The conflict with Russia generates jobs and export advantages for arms manufacturers, Sebastien Lecornu has said
The surge in demand for weapons amid the Ukraine conflict benefits the economy of France, Defense Minister Sebastien Lecornu told Le Parisien on Wednesday.
The senior official revealed plans to produce 78 Caesar howitzers for Ukraine in 2024, a goal that he said was made possible via the reorganization of the production process by the arms maker Nexter.
“It took Nexter 30 months to produce a Caesar gun, it now only takes 15! The employees were strongly mobilized,” Lecornu said.

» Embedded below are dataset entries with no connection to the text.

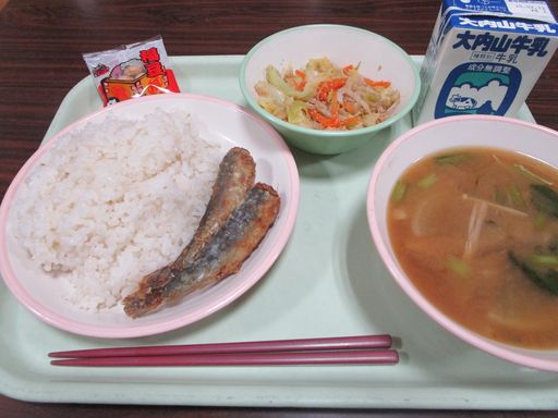 今日の献立は「いわしのからあげ」「だいこんのみそしる」「ごまだれあえ」「せつぶんまめ」「むぎめし」「ぎゅうにゅう」です。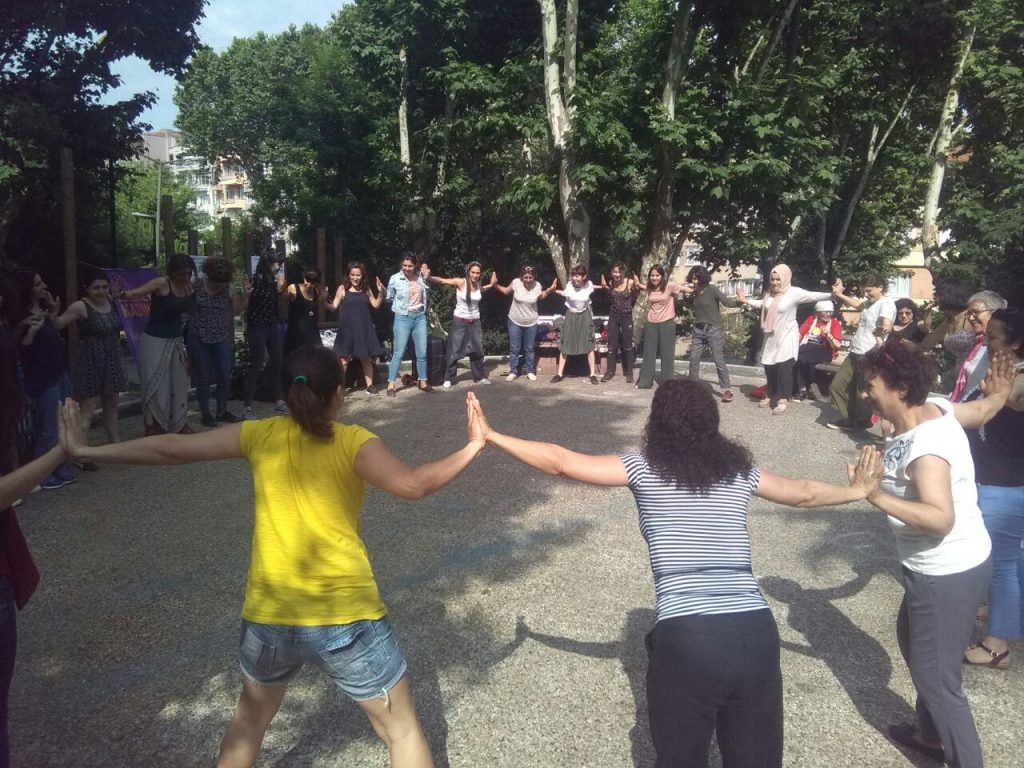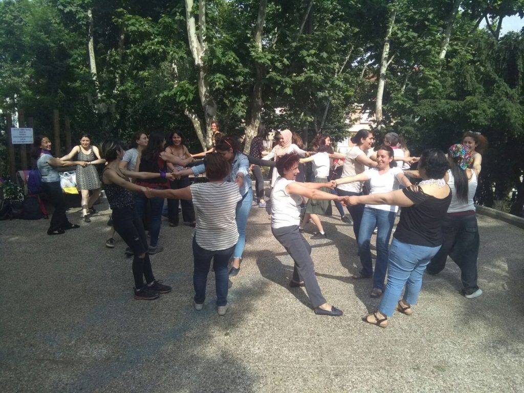 Abbasağa Parkı’nda yaratıcı drama ile başlayan etkinlikte kadınlar, aralarındaki bağı kuvvetlendiren oyunlar oynadılar. Yaratıcı dramanın ardından üç ayrı atölyeye dağılan kadınlar sorunlar ve çözümleri üzerine konuştu. Kadına yönelik şiddet, çocuk istismarı ve diktatörlüğe karşı mücadeleyi konuşan kadınlar atölyelerin ardından etkinliği sonlandırdı.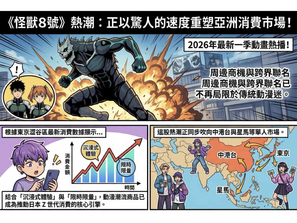 日本動漫正以驚人的速度重塑亞洲消費市場!2026年隨著《怪獸8號》最新一季動畫熱播,周邊商機與跨界聯名已不再局限於傳統動漫迷。根據東京澀谷區最新消費數據顯示,結合「沉浸式體驗」與「限時限量」的動漫潮流商品,已成為推動日本 Z 世代消費的核心引擎,這股熱潮正同步吹向中港台與星馬等華人市場。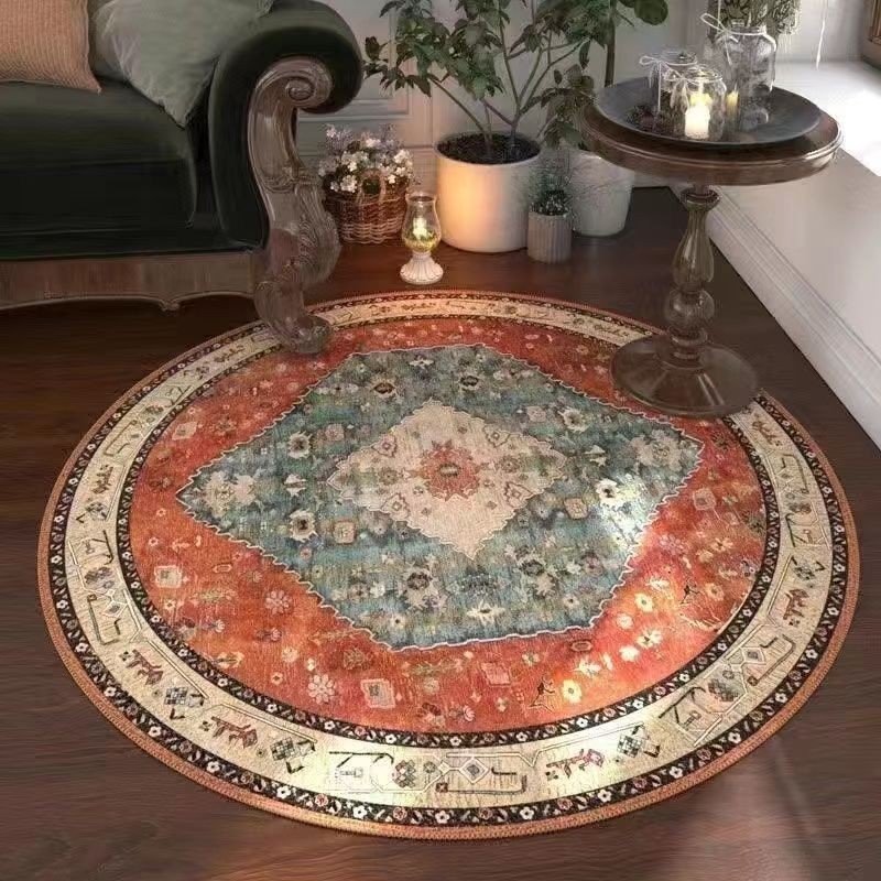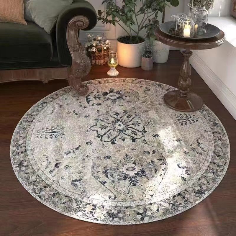 Round Rug Circle Area Rug Floor Mat Carpet Distressed Non Slip Area Rug Round Rugs for Living Room, Kitchen, Bedroom

He explained that the defense industry is creating new jobs in the French economy, with tens of thousands generated since 2017.
“The war economy is an opportunity … for our industrialists. They have every interest in these tensions, because the ability to quickly deliver equipment will become one of the criteria for export success,” the minister said, referring to the Ukraine conflict.
French people should “stop flagellating ourselves” for supposedly not doing enough for Ukraine, Lecornu urged. People doing that lack patriotism, he suggested, adding that Kiev never complained about military assistance provided by France.
While the US and its allies rushed to deplete their weapons stockpiles in order to help Ukraine fight Russia, the West’s ability to sustain the supplies in the long run was challenged by its weak industrial base.
EU nations have pledged to deliver one million NATO-standard artillery shells within one year, but are not expected to do so by the March deadline. A hike in global demand for gunpowder has aggravated the situation.
This week, President Emmanuel Macron pledged to send 40 SCALP air-launched cruise missiles and “hundreds of bombs” to Kiev. Lecornu told Le Parisien the delivery will happen in the first half of the year.
Moscow has claimed that Western supplies can only prolong the conflict, but will not change its outcome. Last year the country significantly ramped up its own military production. Defense Minister Sergey Shoigu reported in mid-December that the manufacturing of key items, such as drones and artillery shells, was increased by as much as 170-fold, compared to the levels before the hostilities started.
Lecornu described the expected tripling of monthly French shell donations to Ukraine by the end of January, year-over-year.
Earlier this week, the Russian military reported identifying a location in Ukraine where foreign fighters were stationed, and hitting it with a precision strike. Most of the personnel were French mercenaries, the statement claimed; over 60 of the combatants are estimated to have been killed.